Problems on Ages
Subject: Mental Ability | Frequency: 1-2 questions per APPSC paper | Time: 60-90 sec/question
Introduction
Age problems use algebraic equations to find ages based on past, present, or future conditions.

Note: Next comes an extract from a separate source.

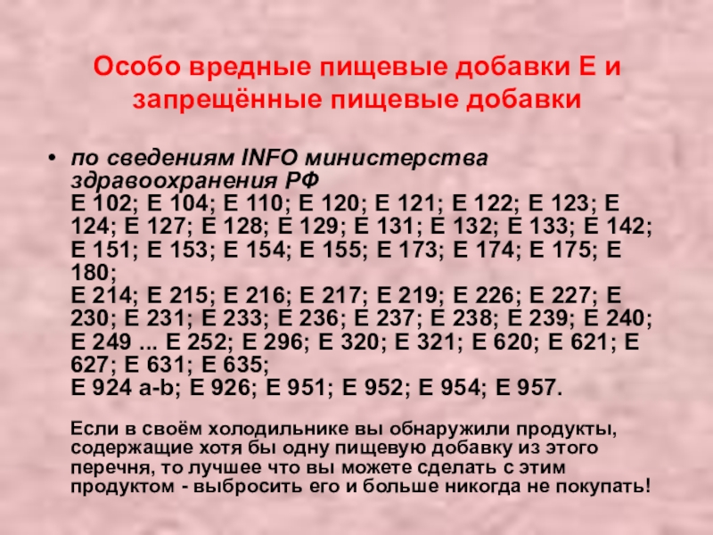 Слайд 37Особо вредные пищевые добавки Е и запрещённые пищевые добавки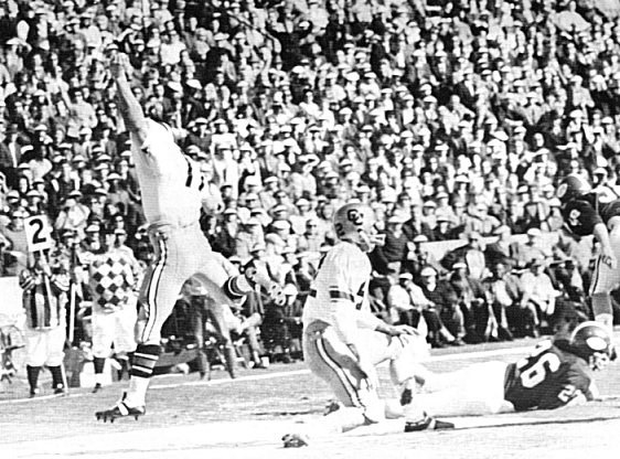 Starting quarterback Scott Hunter injured his knee just before halftime on an unsuccessful two-point conversion effort.

The cross-multiplication technique for ratio-based problems covers 80%+ of exam questions.
Core Method
- Let present age = x (use ONE variable)
- Age after n years = x + n; Age n years ago = x − n
- If ratio is p:q, ages are px and qx
- Form equations, solve, verify
Key Formulas
| Concept | Formula |
|---|---|
| Age after n years | x + n |
| Age n years ago | x − n |
| Ratio a:b | Ages = ax, bx |
| Sum + Difference | Older = (S+D)/2, Younger = (S−D)/2 |
| Age difference never changes | Critical insight |
Worked Examples — Easy
Q1: Father is 3× son's age. After 12 years, twice son's age. Find ages. Son = x, Father = 3x. 3x+12 = 2(x+12) → x = 12. Son=12, Father=36
Q2: A+B = 50, A = B+10. → B=20, A=30. A=30, B=20
Q3: Ratio 5:4. After 8 years, 6:5. → (5x+8)/(4x+8) = 6/5 → x=8. A=40, B=32
Worked Examples — Medium
Q4: 5 years ago ratio 3:1. Sum = 50. → A−5 = 3(B−5), A+B=50 → B=15, A=35
Q5: Ratio 3:5. After 9 years, 3:4. → 12x+36 = 15x+27 → x=3. A = 9 years
Worked Examples — Hard
Q6: Man 24 years older than son. In 2 years, twice son's age. Son+24+2 = 2(Son+2) → Son = 22 years
Q7: A = 2×(B's age when A was B's current age). Sum = 63. 3a = 4b, a+b = 63 → b=27, a=36. Verify: When A was 27, B was 18. 2×18=36 ✓
Shortcuts & Tricks
| Shortcut | Details |
|---|---|
| One variable only | Express all ages in terms of x |
| Ratio → multiply by k | a:b means ak and bk |
| Both age equally | Everyone ages by exactly n years |
| Cross multiply ratios | (a+n)/(b+n) = p/q → q(a+n) = p(b+n) |
| Difference is constant | Age gap between two people never changes |
| Sum+Difference shortcut | Older = (S+D)/2 |
Common Mistakes
- Forgetting both people age equally
- Wrong time direction ("5 years ago" = subtract)
- Ratio confusion (which person is numerator?)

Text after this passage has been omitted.